Sam Altman Says the Harness Is Now Inseparable from the Model — Here's What That Means for Builders
Sam Altman told Ben Thompson he can't always tell if a great Codex result came from the model or the harness. What builders need to know.
Sam Altman Admitted He Can’t Tell Where the Model Ends and the Harness Begins
Sam Altman told Ben Thompson something that should reframe how you think about every benchmark you’ve ever read. When asked how important the runtime around the model is — the tools, the state, the loop — Altman said: “Hard to overstate how critical it is. I no longer think of the harness and the model as these entirely separable things.” Then he admitted that when Codex does something impressive, he genuinely doesn’t know how much credit belongs to the model versus the infrastructure around it.
That’s not false modesty. That’s the CEO of OpenAI telling you that the thing you’ve been optimizing — model selection, prompt engineering, fine-tuning — is only half the equation. Maybe less.
If you’re building agents, this matters to you directly.
The Number That Changes How You Read Every Model Benchmark
Here is a concrete data point. Endor Labs ran the same model — GPT-5.5 — in two different harnesses during the same week. In the Codex harness, it scored 61.5% on functionality. In the Cursor harness, it scored 87.2%.
Same model. Same week. 25.7 percentage points of difference from the runtime alone.
Opus 4.7 showed a similar pattern: 87.2% in its native Claude Code harness, 91.1% in Cursor’s harness. Nearly four percentage points gained just by switching the environment the model operates in.
Remy is new. The platform isn't.
Remy is the latest expression of years of platform work. Not a hastily wrapped LLM.
The Endor Labs team wrote the obvious conclusion: “Same model, same week, two harnesses, two different functional results.” But the implication is more uncomfortable than the headline. If harness choice can swing functionality scores by 25 points, then most model comparisons you’ve read — including the ones that informed your infrastructure decisions — were measuring harness performance as much as model capability. The two were never cleanly separated.
This is why Altman’s admission lands differently when you sit with it. He’s not being philosophical. He’s describing a measurement problem that affects every practitioner.
What a Harness Actually Is (and Why the Definition Matters)
Most people use “harness” loosely, often interchangeably with “framework.” They’re not the same thing.
A framework — LangChain, LangGraph, AutoGen — gives you abstractions. State machines, chains, memory connectors. You wire them together. The fundamental assumption is that you, the human architect, are assembling the pieces.
A harness is the opposite direction. It ships a working agent. There’s no assembly step. At its core, it’s a while loop with a tool registry and a permission layer, all pre-wired.

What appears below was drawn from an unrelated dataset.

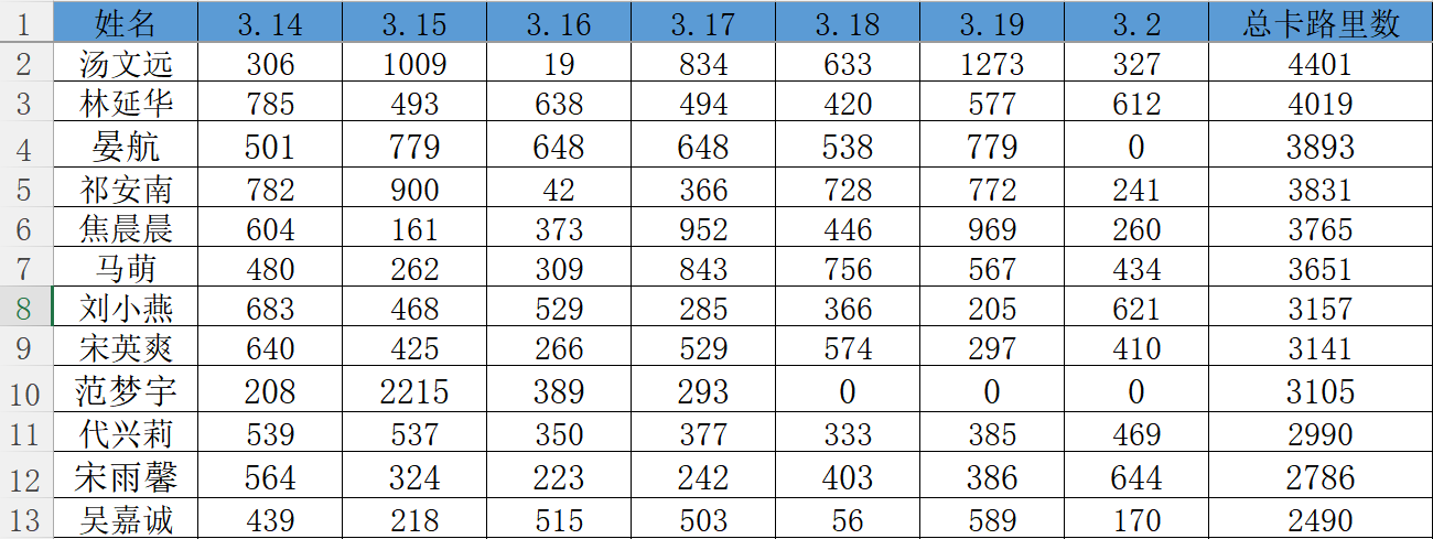本次活动同学们热情高涨、踊跃报名、积极参与,一周的时间内线上打卡群里火热一片,在寒冷的天气中,释放生命活力。最终有十二位同学名列前茅,获得了精美的奖品。

You bring the goal; the harness handles the rest.
The distinction matters because it changes what you’re actually building when you choose one over the other. Frameworks are for architects. Harnesses are for agents.
Agentic coding tools — Cursor, Claude Code, Codex — are all harnesses. Each one started from a concrete problem (make a model write and edit code across a real repository) and converged on a remarkably similar architecture. That convergence is not accidental. It reflects what actually has to exist for an LLM to reliably complete multi-step tasks.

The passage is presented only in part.